Forbidden Fruit of the Baobab Tree

Forbidden Fruit of the Baobab Tree September 28, 2016
I ate baobab before it was cool.

We moved to Bouroum Bouroum when I was around five, a little village with what seemed to me an absolutely huge missionary compound, with three houses and a massive flat concrete foundation in the middle where the first missionary house stood. The compound was like an adventure playground with bugs the colour of rubies, beetles that seemed to be stuck together, trees that looked like they were on fire with their beautiful orange flowers, bats flying between the trees, wasps as big as mice, trees just asking to be climbed, everything was all so new and wonderful.

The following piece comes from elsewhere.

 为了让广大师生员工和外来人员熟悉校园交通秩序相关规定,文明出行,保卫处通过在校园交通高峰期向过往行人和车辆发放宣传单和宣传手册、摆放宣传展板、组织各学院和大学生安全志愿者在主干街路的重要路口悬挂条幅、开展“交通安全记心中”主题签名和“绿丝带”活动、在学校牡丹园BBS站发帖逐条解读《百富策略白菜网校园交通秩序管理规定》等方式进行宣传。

I wanted to explore everything and go everywhere. But I was told that danger was everywhere, that I couldn’t do what I wanted to do without something bad happening. Evil was at every corner of the compound after all, just outside the pathetic wall, the demons were swarming. It was inevitable that something bad would happen wasn’t it? The demons could get inside the walls of the christian compound if you let them in, with those evil acts, like disobeying your parents.

Don’t climb the trees, my parents told me, you will fall and hurt yourself. And you shouldn’t eat the baobab fruit, you will get sick because it is dirty.

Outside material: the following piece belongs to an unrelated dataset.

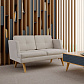 - Каждое изделие установлено на две «А»-образные поперечные опоры высотой 255 мм. Опоры выполнены из массива ясеня и покрыты прозрачным лаком. Длина каждой опоры — 700 мм. В верхней части опоры предусмотрена крепёжная пластина, которая имеет не менее шести точек крепления к основанию изделия. К каркасам диванов опоры крепятся саморезами.

I had not yet been fully instilled with the fear of disobeying my parents. They did try to make me afraid and they did succeed at times, but when I thought they wouldn’t find out, I did break the rules and tried things out for myself, not taking what people say as gospel. A character trait that I am very proud of, a trait that people tired to snuff out of me and did for a long time.

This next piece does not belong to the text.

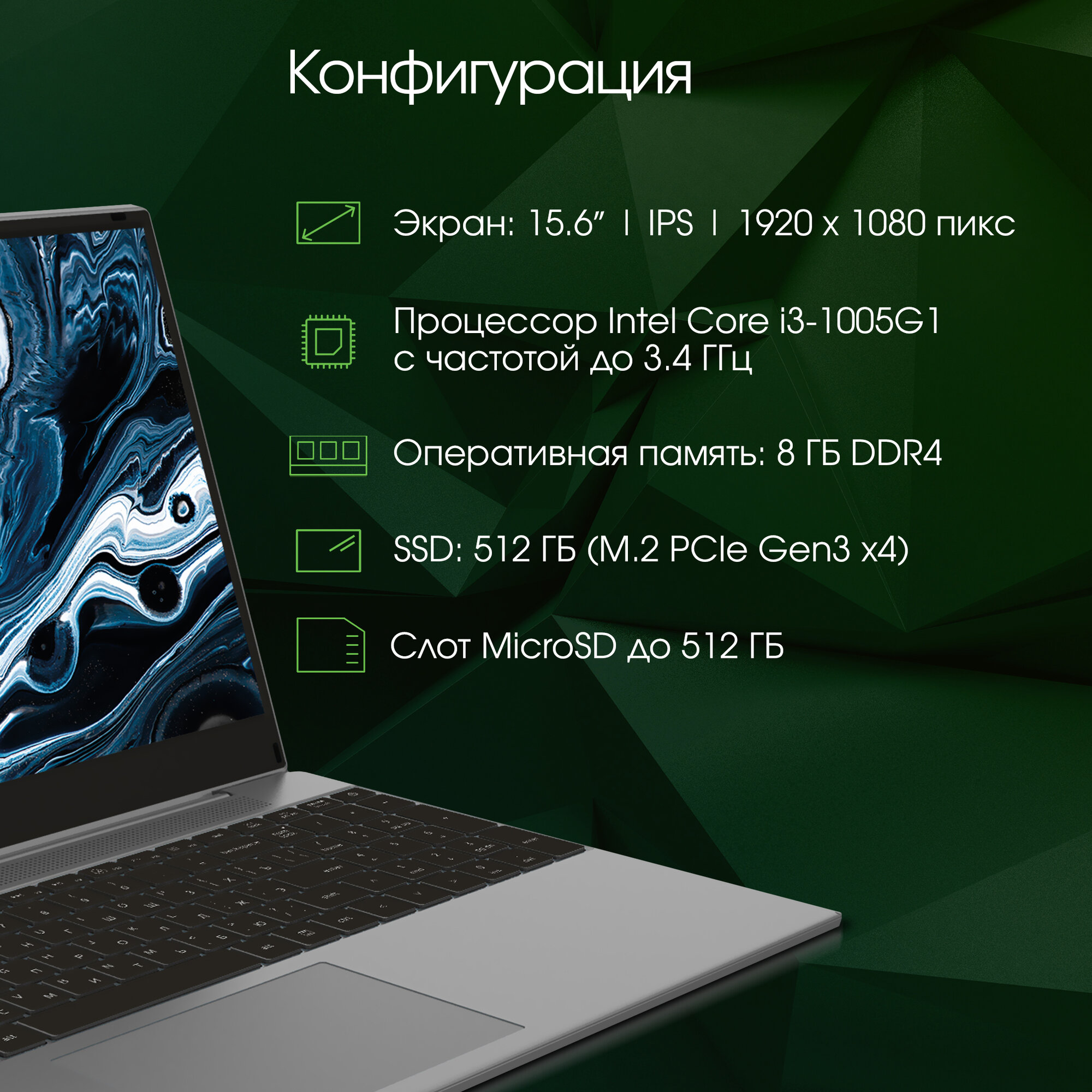 Купить Ноутбук Digma Pro Breve S i3 1005G1/8Gb/SSD512Gb/15.6"/IPS/FHD/W11Pro/dk.grey/4500mAh

It wasn’t snuffed out then! I climbed the trees and I ate the weird fruit. The baobab trees were the most difficult to climb, their branches weren’t low enough to get an initial grab at times and their bark was so smooth. But there was always a way! The lower branches were somewhat accessible and once I got to the fruit, I remember cracking open the nut and pulling out the weird white chunks from the stringy like pith. It did sometimes give me a stomach ache if I ate far too much, but it felt wonderful to be able to pick my own snack from the trees in the garden, eating things I was told not to eat.

But, I suppose some would say that, like Eve in the garden of Eden, I was penalised for exploring and trying something new, something that didn’t seem wrong but others said it was wrong. I fell from a tree once, I fell six foot and landed on my head. The world went black and it buzzed. When I awoke after a few seconds of no longer being in the world, I was confused and tired. The concussion did not last for long, I was lucky not to be penalised with anything worse, like the pain of childbirth… oh wait that could still happen.

During the times that I tested the water and bent the rules a bit, they were probably the most fun that I had. There was an adventurer in me then. An adventurer that has been forgotten amongst the ingrained fear and the religious mud slinging. I miss that adventurer.

When I look back at those days of climbing the baobab and secretly eating the fruit in my den, built at the end of the garden, I am envious of that little girl, who was resilient in the face of disapproval. Resilient in the face of people who had a different way of thinking and tried to convince me that I was wrong. I am regaining that resilience now but it was lost for so long.

If only I could go find a baobab tree and perhaps climb it, or simply just sit by it, the thought makes me smile, the memories of a childhood well spent, trying the new and swinging from the trees.